Problem:
No pictures belong in the copy. Retype exactly, and only, the stretch of lines below from the one with "Փաշինեան աւելցուցած է, որ" through the one with "Debate na Assembleia".

Material shown:
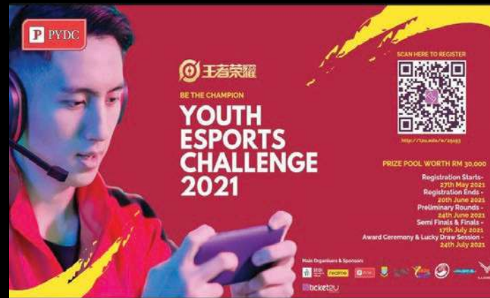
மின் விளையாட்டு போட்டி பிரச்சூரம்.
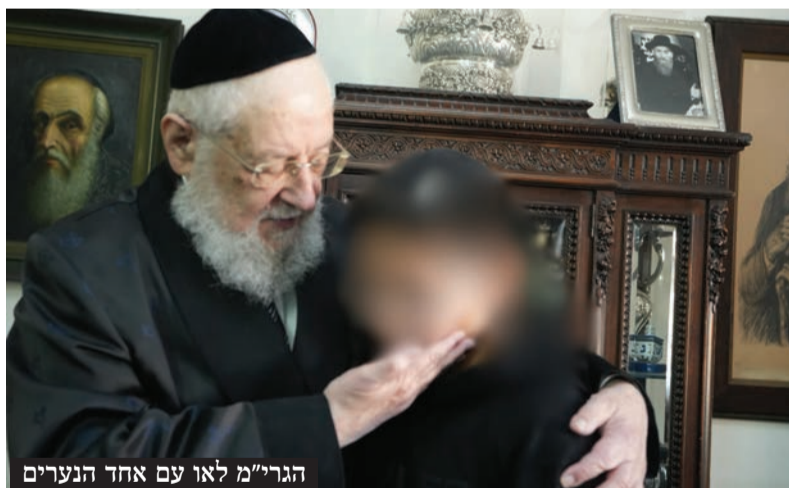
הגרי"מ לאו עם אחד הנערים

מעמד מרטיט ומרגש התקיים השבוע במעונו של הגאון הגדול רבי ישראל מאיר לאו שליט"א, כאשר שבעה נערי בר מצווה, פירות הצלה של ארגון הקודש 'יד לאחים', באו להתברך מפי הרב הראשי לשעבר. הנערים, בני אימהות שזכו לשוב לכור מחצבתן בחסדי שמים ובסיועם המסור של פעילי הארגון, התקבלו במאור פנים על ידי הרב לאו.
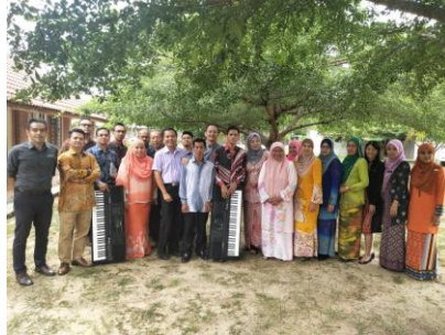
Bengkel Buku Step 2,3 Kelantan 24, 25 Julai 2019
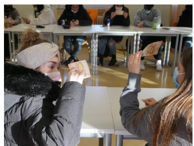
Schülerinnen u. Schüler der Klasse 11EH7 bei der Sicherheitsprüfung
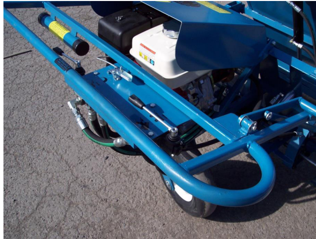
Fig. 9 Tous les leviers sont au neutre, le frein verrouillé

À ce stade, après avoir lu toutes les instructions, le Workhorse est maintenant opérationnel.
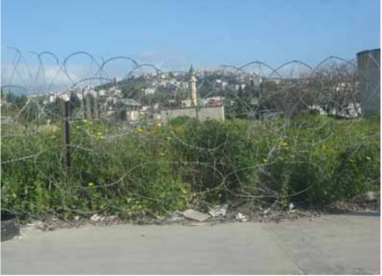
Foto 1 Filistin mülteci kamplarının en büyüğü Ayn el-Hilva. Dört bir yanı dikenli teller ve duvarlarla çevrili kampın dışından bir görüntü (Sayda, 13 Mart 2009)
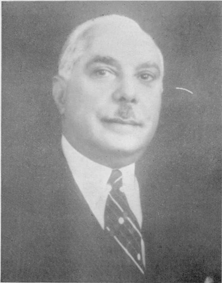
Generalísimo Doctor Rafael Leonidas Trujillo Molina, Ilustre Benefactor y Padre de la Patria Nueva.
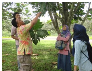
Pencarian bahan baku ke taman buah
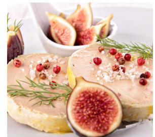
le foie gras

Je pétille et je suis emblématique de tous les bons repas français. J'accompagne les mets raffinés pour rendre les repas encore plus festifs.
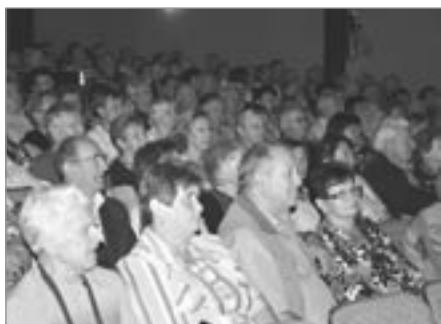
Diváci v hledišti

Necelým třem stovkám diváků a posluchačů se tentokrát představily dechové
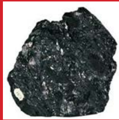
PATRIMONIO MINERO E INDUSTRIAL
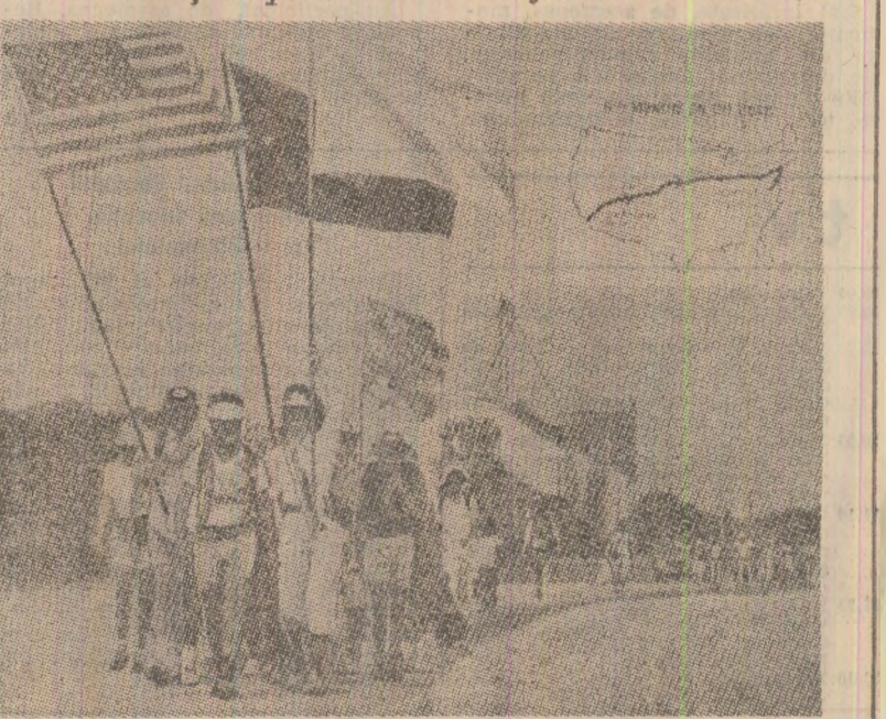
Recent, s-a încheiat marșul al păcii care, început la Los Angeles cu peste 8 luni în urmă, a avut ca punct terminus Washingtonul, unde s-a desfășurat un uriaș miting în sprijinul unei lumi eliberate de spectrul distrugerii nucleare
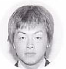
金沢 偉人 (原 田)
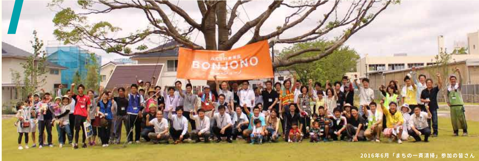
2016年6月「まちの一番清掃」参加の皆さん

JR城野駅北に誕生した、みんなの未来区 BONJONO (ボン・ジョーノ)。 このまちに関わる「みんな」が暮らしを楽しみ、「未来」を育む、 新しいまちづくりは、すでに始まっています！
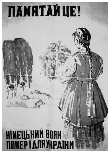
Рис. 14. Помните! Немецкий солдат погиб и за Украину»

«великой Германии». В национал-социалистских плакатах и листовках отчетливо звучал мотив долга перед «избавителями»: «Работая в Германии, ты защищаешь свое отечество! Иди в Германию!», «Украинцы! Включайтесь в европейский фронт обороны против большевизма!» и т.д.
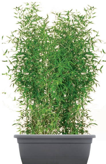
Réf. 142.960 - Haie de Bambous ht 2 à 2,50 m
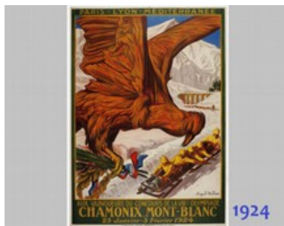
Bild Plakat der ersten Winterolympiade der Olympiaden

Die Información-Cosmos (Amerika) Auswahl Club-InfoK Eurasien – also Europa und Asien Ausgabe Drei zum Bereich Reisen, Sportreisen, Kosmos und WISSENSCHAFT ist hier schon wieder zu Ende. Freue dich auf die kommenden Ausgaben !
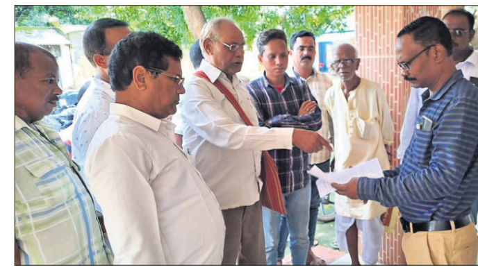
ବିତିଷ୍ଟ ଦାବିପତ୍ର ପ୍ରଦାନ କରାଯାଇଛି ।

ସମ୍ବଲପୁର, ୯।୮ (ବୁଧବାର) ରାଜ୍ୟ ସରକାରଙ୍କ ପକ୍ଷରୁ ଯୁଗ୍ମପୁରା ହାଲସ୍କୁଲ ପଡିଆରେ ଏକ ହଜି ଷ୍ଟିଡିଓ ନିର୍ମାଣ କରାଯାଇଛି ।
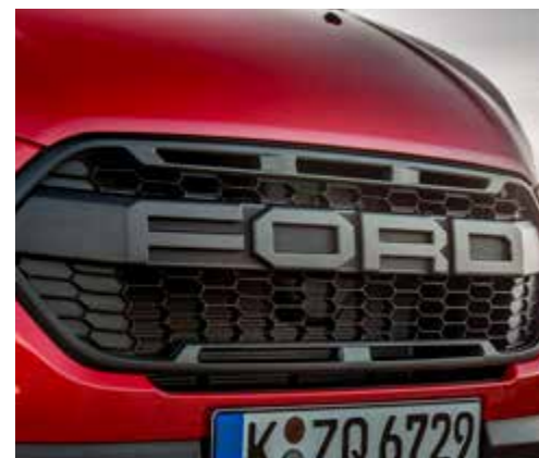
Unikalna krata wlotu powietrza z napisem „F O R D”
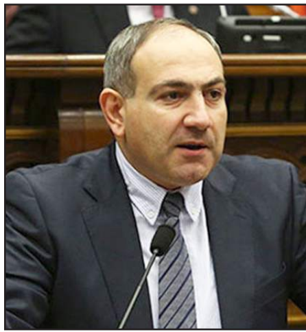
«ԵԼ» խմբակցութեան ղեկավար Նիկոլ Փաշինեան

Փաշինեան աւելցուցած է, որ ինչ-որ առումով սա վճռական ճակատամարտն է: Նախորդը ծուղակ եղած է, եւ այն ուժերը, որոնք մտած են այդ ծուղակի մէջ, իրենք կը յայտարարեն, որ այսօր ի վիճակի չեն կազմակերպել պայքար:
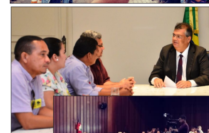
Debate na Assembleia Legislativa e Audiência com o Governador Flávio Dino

==

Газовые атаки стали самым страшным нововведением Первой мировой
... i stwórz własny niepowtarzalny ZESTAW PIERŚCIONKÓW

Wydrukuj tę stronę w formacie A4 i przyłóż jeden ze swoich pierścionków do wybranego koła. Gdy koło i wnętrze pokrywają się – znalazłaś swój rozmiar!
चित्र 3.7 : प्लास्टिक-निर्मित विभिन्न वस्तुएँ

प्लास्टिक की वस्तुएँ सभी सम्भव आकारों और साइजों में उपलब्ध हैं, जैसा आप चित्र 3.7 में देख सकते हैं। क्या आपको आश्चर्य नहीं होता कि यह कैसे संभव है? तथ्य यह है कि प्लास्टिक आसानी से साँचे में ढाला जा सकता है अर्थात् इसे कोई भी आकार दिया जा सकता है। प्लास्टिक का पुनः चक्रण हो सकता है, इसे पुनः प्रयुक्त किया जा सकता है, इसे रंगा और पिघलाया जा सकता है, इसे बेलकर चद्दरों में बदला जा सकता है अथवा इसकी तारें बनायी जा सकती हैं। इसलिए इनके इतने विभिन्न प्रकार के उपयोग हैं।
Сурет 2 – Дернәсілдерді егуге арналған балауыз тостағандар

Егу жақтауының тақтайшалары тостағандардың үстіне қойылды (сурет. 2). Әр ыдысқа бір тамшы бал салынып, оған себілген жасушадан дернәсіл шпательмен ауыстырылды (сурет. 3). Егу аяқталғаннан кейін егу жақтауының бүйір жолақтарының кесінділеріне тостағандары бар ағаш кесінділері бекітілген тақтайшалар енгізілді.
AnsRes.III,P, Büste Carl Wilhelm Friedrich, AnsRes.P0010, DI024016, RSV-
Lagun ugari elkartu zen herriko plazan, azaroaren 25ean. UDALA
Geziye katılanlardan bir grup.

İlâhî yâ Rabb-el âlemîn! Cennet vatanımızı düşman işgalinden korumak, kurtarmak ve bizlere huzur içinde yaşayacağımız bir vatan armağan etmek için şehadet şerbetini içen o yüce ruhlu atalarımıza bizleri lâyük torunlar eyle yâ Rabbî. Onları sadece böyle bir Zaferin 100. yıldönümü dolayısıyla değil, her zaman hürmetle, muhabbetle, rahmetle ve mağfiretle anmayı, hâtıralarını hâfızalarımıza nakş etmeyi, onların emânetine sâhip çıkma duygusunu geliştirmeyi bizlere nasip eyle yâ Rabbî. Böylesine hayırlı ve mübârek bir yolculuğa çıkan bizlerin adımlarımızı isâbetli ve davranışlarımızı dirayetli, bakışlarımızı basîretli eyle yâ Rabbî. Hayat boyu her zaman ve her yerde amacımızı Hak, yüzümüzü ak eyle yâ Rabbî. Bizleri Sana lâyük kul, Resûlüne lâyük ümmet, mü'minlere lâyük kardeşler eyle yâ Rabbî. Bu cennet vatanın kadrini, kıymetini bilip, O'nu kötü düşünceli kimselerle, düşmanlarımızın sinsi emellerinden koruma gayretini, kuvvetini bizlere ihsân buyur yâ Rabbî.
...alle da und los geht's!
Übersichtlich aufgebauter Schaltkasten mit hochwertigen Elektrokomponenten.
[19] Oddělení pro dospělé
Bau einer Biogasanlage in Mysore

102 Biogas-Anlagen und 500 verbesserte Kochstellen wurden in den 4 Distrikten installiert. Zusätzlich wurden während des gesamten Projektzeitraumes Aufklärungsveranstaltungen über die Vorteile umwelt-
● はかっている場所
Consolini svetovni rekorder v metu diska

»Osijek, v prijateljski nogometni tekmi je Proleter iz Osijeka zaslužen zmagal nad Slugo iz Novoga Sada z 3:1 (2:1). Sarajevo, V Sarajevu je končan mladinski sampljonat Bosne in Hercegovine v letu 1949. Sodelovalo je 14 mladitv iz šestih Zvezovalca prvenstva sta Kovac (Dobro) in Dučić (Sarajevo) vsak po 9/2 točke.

...

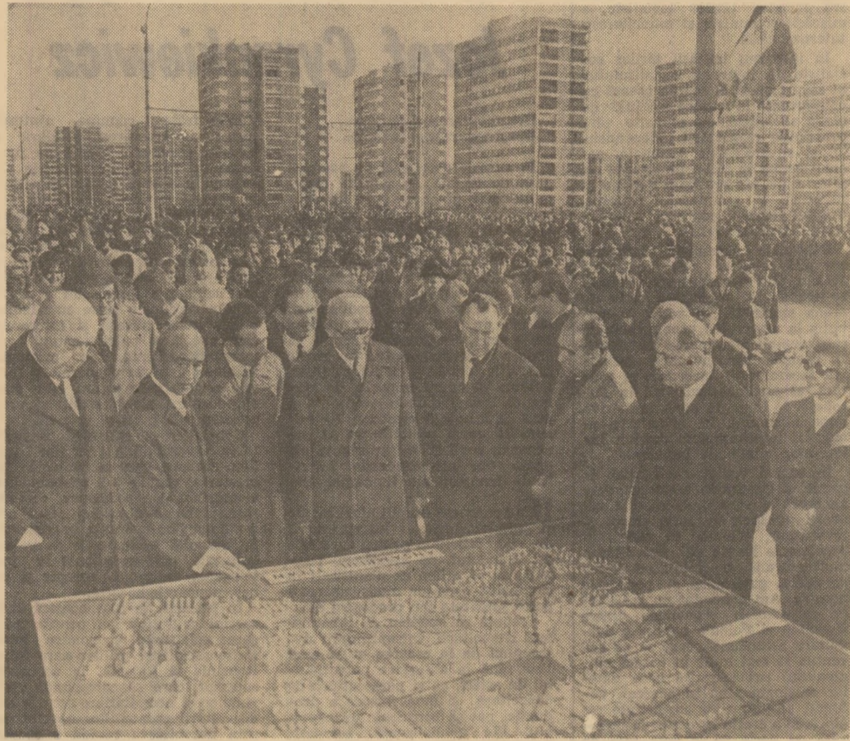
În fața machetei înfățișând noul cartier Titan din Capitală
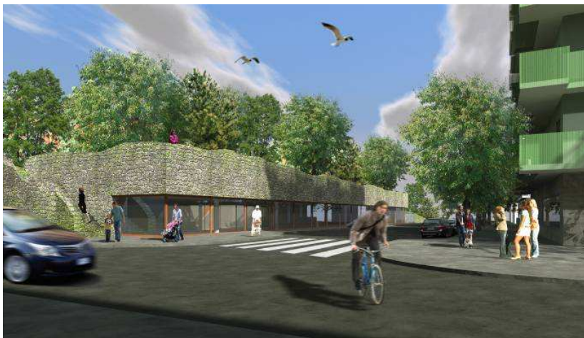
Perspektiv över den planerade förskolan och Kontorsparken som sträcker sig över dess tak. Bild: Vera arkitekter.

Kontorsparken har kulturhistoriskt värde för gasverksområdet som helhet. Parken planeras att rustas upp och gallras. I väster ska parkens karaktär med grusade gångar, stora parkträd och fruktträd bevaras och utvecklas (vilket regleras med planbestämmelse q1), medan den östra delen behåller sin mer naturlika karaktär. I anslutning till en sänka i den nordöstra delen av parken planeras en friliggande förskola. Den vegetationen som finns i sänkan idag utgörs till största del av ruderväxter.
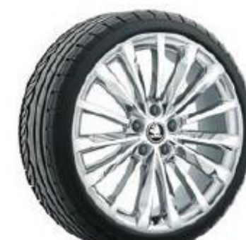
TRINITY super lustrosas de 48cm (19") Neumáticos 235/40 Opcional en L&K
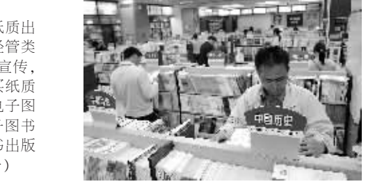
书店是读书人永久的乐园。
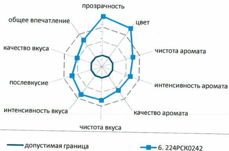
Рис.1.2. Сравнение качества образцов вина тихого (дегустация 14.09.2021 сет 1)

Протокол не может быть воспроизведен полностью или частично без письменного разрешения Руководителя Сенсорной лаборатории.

Expected answer:
Փաշինեան աւելցուցած է, որ ինչ-որ առումով սա վճռական ճակատամարտն է: Նախորդը ծուղակ եղած է, եւ այն ուժերը, որոնք մտած են այդ ծուղակի մէջ, իրենք կը յայտարարեն, որ այսօր ի վիճակի չեն կազմակերպել պայքար:
Debate na Assembleia Legislativa e Audiência com o Governador Flávio Dino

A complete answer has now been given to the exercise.